### Work required
In the data below, find the line with "ロッテリアでクリームソーダとポテト。" and the line with "Vivez l'expérience de", then restate both and every line between them exactly, minus the pictures.

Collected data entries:
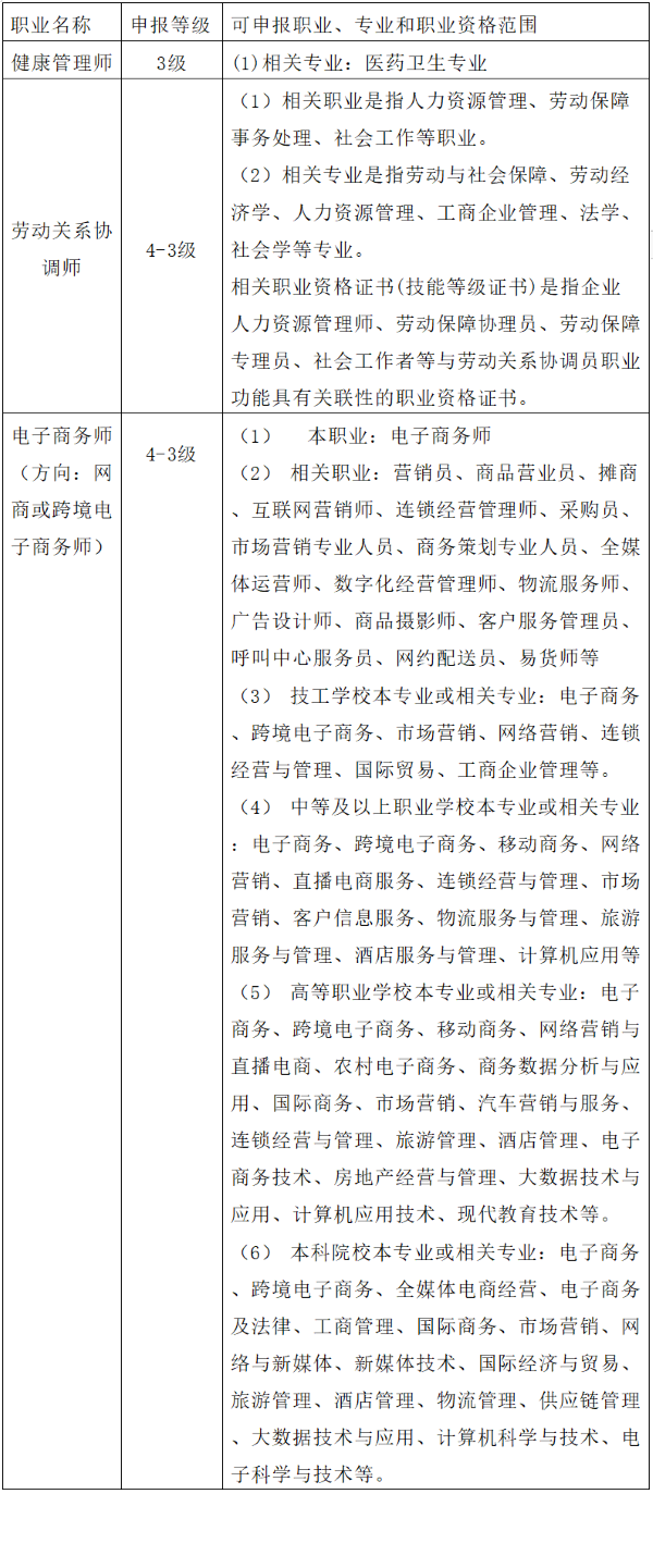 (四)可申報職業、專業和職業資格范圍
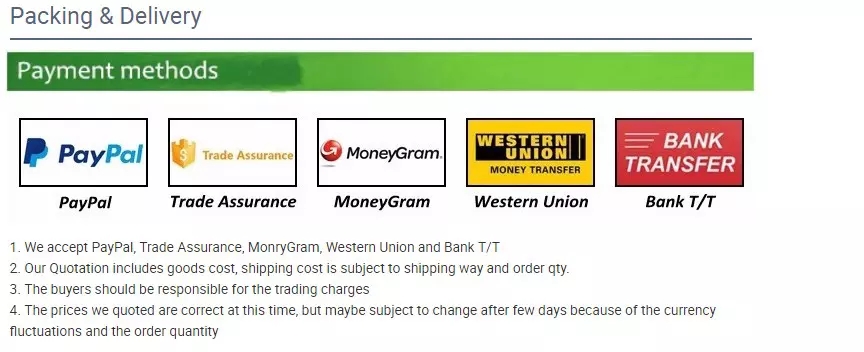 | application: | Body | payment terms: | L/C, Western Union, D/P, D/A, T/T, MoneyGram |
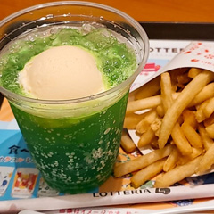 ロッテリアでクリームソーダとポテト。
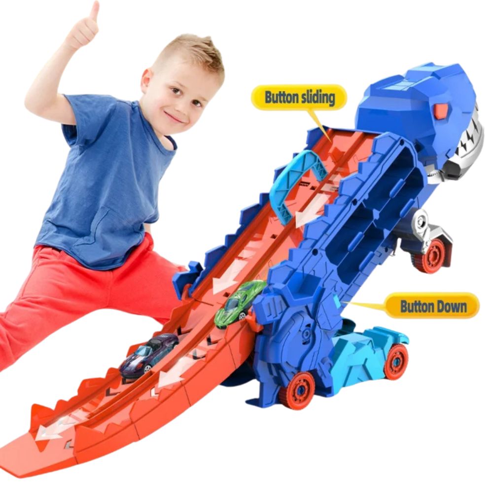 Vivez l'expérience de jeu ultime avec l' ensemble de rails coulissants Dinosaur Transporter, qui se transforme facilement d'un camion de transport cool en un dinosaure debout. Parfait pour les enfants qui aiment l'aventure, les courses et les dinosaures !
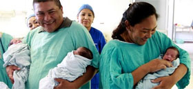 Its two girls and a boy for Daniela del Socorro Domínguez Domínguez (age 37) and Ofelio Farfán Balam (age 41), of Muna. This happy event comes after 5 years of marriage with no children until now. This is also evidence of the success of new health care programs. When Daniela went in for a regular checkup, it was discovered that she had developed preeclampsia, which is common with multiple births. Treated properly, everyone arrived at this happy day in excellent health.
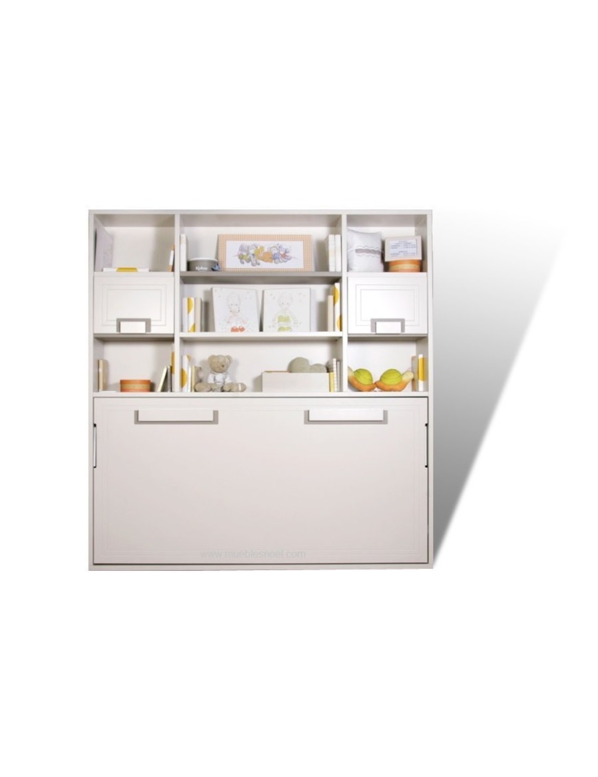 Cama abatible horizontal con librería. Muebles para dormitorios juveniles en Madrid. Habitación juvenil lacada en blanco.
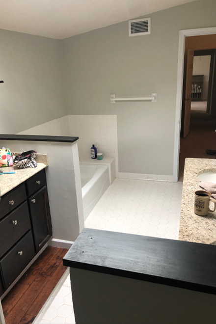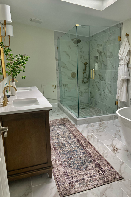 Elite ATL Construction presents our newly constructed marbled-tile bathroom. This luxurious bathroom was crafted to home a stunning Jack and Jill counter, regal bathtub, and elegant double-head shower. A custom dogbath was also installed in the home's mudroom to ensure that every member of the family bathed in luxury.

### Task answer
 ロッテリアでクリームソーダとポテト。
 Vivez l'expérience de jeu ultime avec l' ensemble de rails coulissants Dinosaur Transporter, qui se transforme facilement d'un camion de transport cool en un dinosaure debout. Parfait pour les enfants qui aiment l'aventure, les courses et les dinosaures !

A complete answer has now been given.